Organization Validation

This certificate is a bit less thorough when it comes to vetting a company’s information. When an organization applies for this SSL certificate type, the granting body verifies that they have the legal and exclusive rights to operate at their current domain. It also conducts light verification of the organization’s actual business information, but this process is far less in-depth than what is required for an Extended Validation application. Any validated information is displayed to users when they click the “padlock” SSL certificate indicator in their browser’s address or status bar area. While EV certificates are great for big businesses, OV certificates are perfect for smaller businesses and independent organizations.

Domain Validation

This is the easiest type of SSL certificate to get, as the granting authority merely verifies the right of the organization to operate at the domain where they currently conduct their business and interact with consumers. No verification or validation of company information is required during this time, as the process focuses solely on the domain registration and the rights to that domain name. This SSL certificate is best suited to sole proprietors, independent users, and very small businesses, who are looking to operate securely online.

Less-Common SSL Certificate Types

While the three types of certificates described above are easily the most common ways to secure a website’s operations and customer interactions, there are a few miscellaneous types of SSL certificates which perform more specialised functions. From online collaboration to email, these certificates each have a relevant niche online.

  • Email Certificates, also known as MIME Certificates, are used to securely sign email and verify that it was sent from the email address it claims to be from.

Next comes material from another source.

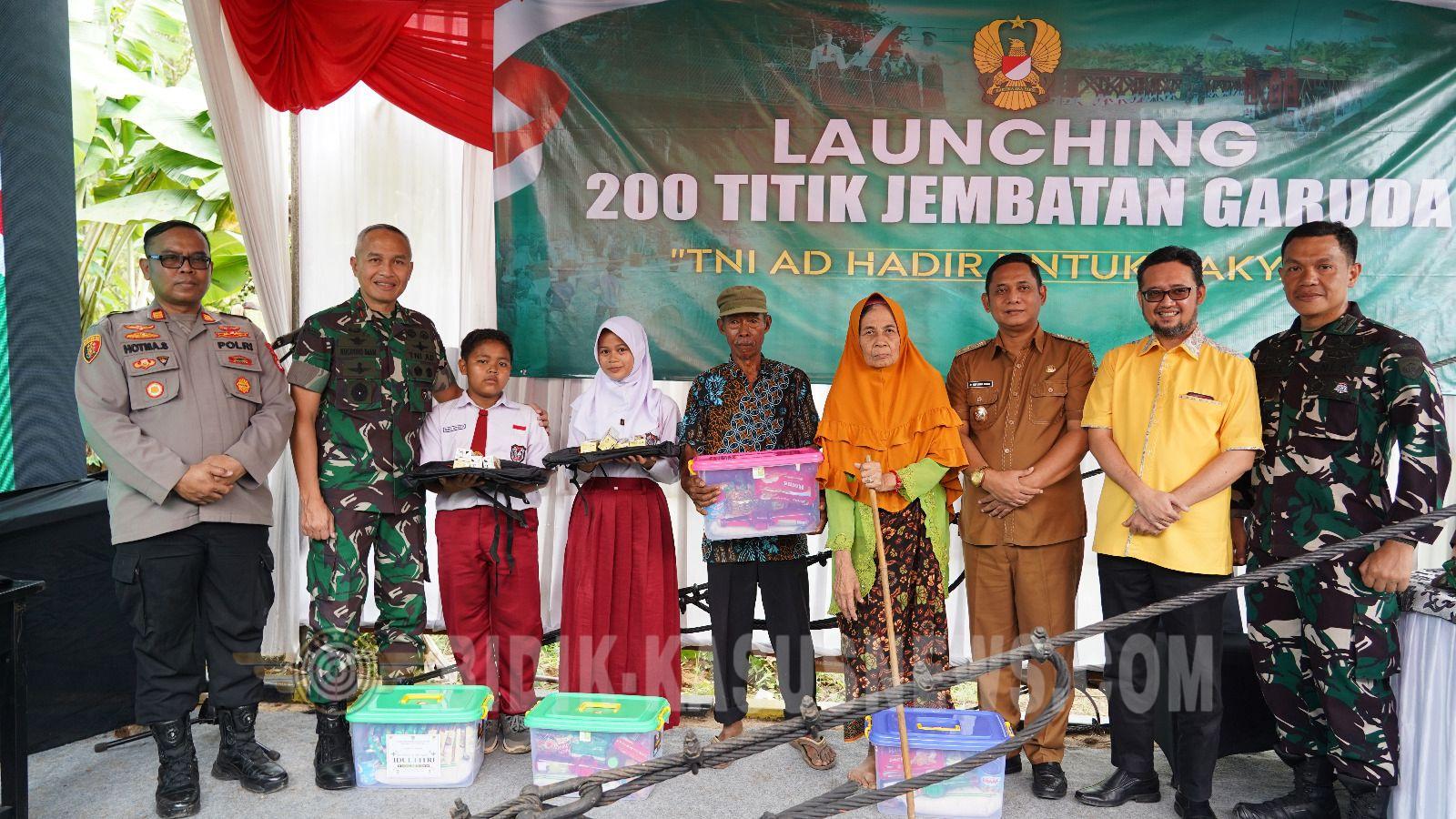 BIDIK-KASUSNEWS.COM Bekasi – Upaya meningkatkan konektivitas masyarakat terus dilakukan melalui pembangunan infrastruktur yang bermanfaat langsung bagi warga. Salah satunya melalui pembangunan Jembatan Gantung Manggala “Garuda” yang dilaksanakan di Kp. Bojong Cisaat RT 02/04, Desa Kertarahayu, Kecamatan Setu, Kabupaten Bekasi. Senin, (09/03/2026). Kegiatan video conference (vicon) launching pembangunan 218 titik Jembatan Gantung Garuda di seluruh Indonesia ini juga dilaksanakan di wilayah teritorial Kodam Jaya/Jayakarta Korem 051/Wkt, Kodim 0509/Kab. Bekasi, tepatnya di Jembatan Gantung Garuda Manggala Sungai Cikarang Dua, Kampung Bojong RT 02/RW 04, Desa Kertarahayu, Kecamatan Setu. Jembatan gantung yang melintasi Sungai Cikarang 2 ini memiliki panjang sekitar 80 meter dengan lebar 1,20 meter, dan menjadi jalur penghubung penting bagi masyarakat di wilayah Kecamatan Setu dan Serang Baru. Dengan diresmikannya Jembatan Gantung Manggala “Garuda”, diharapkan akses transportasi masyarakat semakin mudah, aman, serta mampu meningkatkan konektivitas antarwilayah sekaligus mendorong pertumbuhan ekonomi masyarakat di wilayah Kabupaten Bekasi. Keberadaan jembatan ini diharapkan dapat memangkas waktu tempuh warga, mempermudah akses pendidikan bagi anak sekolah, serta memperlancar distribusi hasil pertanian masyarakat. Sementara itu, dalam sambutannya Presiden Prabowo Subianto menegaskan bahwa pembangunan Jembatan Gantung Garuda merupakan program strategis yang dilaksanakan oleh TNI AD bersama masyarakat dan sejumlah pihak untuk menghubungkan wilayah-wilayah yang sebelumnya terisolasi. “Program ini bertujuan mempercepat konektivitas antar desa, mempermudah akses pendidikan, pertanian dan ekonomi masyarakat pedesaan,” kata Presiden. Presiden juga menyampaikan apresiasi kepada jajaran TNI, pemerintah daerah dan seluruh pihak yang terlibat dalam pembangunan jembatan tersebut. “Jika seluruh jembatan ini bisa terselesaikan tahun ini, berarti saudara-saudara telah memberikan yang terbaik bagi bangsa dan negara,” ujarnya. (Agus/Red) Sumber: Pendam Jaya

This is good for corporate communications and official records.
  • Unified Communications Certificates are perfect for multi-domain implementations where a collaboration server, such as Exchange Server, is used to connect various official groups.
  • Wildcard Certificates can secure first-level sub-domains within a single top-level domain, such as “subdirectory.domain.com.”
  • A Code Signing Certificate is a way to ensure that any code written by a developer is being transmitted securely, in its original form, and has not been modified or corrupted.

Plenty of Options for Web Developers and Businesses

SSL certificates continue to gain in popularity as malicious external threats make it necessary to encrypt information, verify its authenticity and integrity, and reassure users that they won’t put themselves at risk by browsing an e-commerce or social media website. With the wide variety of certificate types available, it’s really possible for developers and organizations or any size to gain the protection and peace of mind that SSL verification has to offer.